Urging them to hurry, she went back to the bedside, carrying the cordless phone with her and answering the emergency dispatcher’s continued questions. Boomer sat with his big head on Carla’s blue-jeaned thigh. Carla seemed only barely conscious, occasionally muttering something unintelligible in a breathy tone. “Sorry” was the only word Tara could make out.
“Help is coming. It’s going to be OK,” Tara whispered. Her voice sounded odd, far away. What more could go wrong on this terrible Monday! She wished she knew how to pray. Dampening a cloth she touched it to her boss’s hot forehead, thinking how much the crusty Carla would bristle at such attention if she had been her usual self. “All prickles and stings.” That’s how Alice described her. And Stella Brickson had harrumphed and offered, “You’d need a tank to get through that woman’s defenses!” But Tara recognized something in her new employer—a deep place where pain kept her prisoner as surely as the bars in Gomer’s cage.
At the whine of an approaching ambulance, Boomer sat up, and the dogs in their pens barked and brayed with renewed vigor. Relief flooded Tara as she ran to beckon them. She pulled Boomer back and wrapped her arms around him as the EMTs quickly attended to their patient.
Tara answered their questions as best she could. They strapped Carla to a gurney and took her away. Someone would come to pick up the owl, they told her. It didn’t look quite right, and the bite might have something to do with Carla’s illness. Tara knew that wild birds carried organisms that could be potentially infectious to humans. A person could experience respiratory illness from flu-like symptoms to pneumonia. Some cases could have serious complications.
Trembling, she dialed Annie’s number at Grey Gables. “I’m going to stay here,” she told Annie after briefly describing Carla’s condition. “Vanessa’s off today, and someone needs to see to the animals. I don’t know when they were fed; they’re making a terrible fuss.”
“Thank God you went to the shelter today,” Annie told her. “I’ll call Vanessa and ask her to come out and help too.”
Tara felt herself relax a little as she heard Annie’s quiet, confident voice. An honest heart. Strange, she thought, watching the ambulance dissolve into a tiny distant speck. Carla had treated her rather shabbily when they’d met, but in spite of it, Annie was quick to help when she was in trouble.
Tara grabbed the sheets and blankets that had fallen from the bed. They would need laundering. She began tidying up the messy room, scooping up newspapers and soiled dishes, feeling the invasion of Carla’s privacy as her own. Too late for embarrassment, she told herself dismally. A copy of The New York Times on the crumpled bed lay opened to the daily crossword puzzle, which was nearly finished. Tara had tried one once, but found it too difficult. So Carla Calloway was something of a brain, she thought, opening a window to let in the fresh air.
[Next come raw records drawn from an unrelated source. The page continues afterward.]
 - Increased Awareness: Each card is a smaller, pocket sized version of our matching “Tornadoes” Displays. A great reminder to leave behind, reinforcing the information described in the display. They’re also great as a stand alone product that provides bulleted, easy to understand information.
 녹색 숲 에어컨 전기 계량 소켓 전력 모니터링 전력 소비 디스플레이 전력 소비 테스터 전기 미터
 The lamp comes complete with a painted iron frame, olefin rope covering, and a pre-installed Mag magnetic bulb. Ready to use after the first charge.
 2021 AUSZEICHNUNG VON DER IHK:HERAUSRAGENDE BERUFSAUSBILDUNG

She straightened a curtain panel that had come loose from its mooring.
As she bent to tuck Carla’s slippers under the bed, a bit of yellowed newspaper on the floor caught her eye. She was about to set it on the dresser when something fell out onto the floor. It was a small beaded ring that might have been handmade—tiny red, yellow, and blue beads strung onto plastic wire. Curiously, she opened the folded paper; it was brittle to the touch. Tucked inside was a swirl of black hair—one perfectly coiled tress.
The clipping was no bigger than a postcard, and one short article had been circled in pencil: An unidentified teen arrested earlier this week after stealing H.T. Simmons’s automobile and crashing it into a tree on Ocean Drive remains in custody. The girl’s mother, sole parent and resident of Chelsea, Mass., near Boston, was killed in a traffic accident en route to Stony Point. The girl is being held by juvenile authorities pending contact with other family members. Authorities are not releasing further information at this time.
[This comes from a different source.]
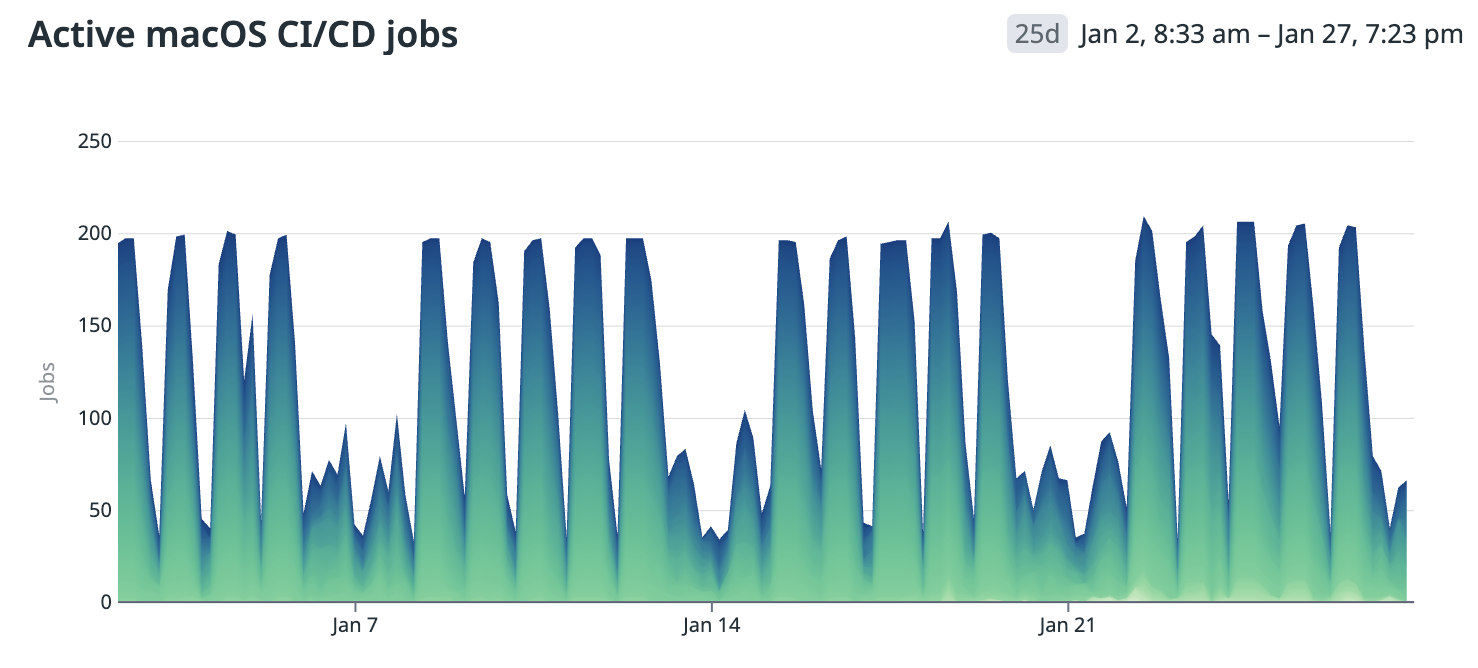 Any disruption to the macOS CI/CD cluster would be hugely disruptive to the company given our scale highlighted above. So, we enabled new cluster partially for part of the workload for a reasonably long period of time and monitored and compared:

Other brief articles accompanied the circled story: Lobster catch diminished by successive days of impenetrable fog. Meeting of the Stony Point Historical Society postponed during repairs. Tara searched the clipping, but the date was obscured. Feeling like a voyeur, she refolded the newspaper and tucked in the beaded ring and the swatch of hair. She nudged it gently under the bed near Carla’s slippers.
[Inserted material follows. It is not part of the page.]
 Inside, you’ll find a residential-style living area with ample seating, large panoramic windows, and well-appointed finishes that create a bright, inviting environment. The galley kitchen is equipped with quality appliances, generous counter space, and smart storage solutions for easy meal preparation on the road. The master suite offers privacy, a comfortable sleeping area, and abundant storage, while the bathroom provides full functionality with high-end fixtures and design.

So Carla was a bit of a romantic too. It was strange to think of the crusty old woman that way. Who did the hair belong to? And who was the teenager who had been arrested? Was it Carla herself who had stolen the car? How tragic to lose one’s mother like that. She pulled the newspaper out again and reread the paragraph, registering the details in her mind. Who was H.T. Simmons? Did he get his car back? What happened to the unidentified teenager whose mother was killed?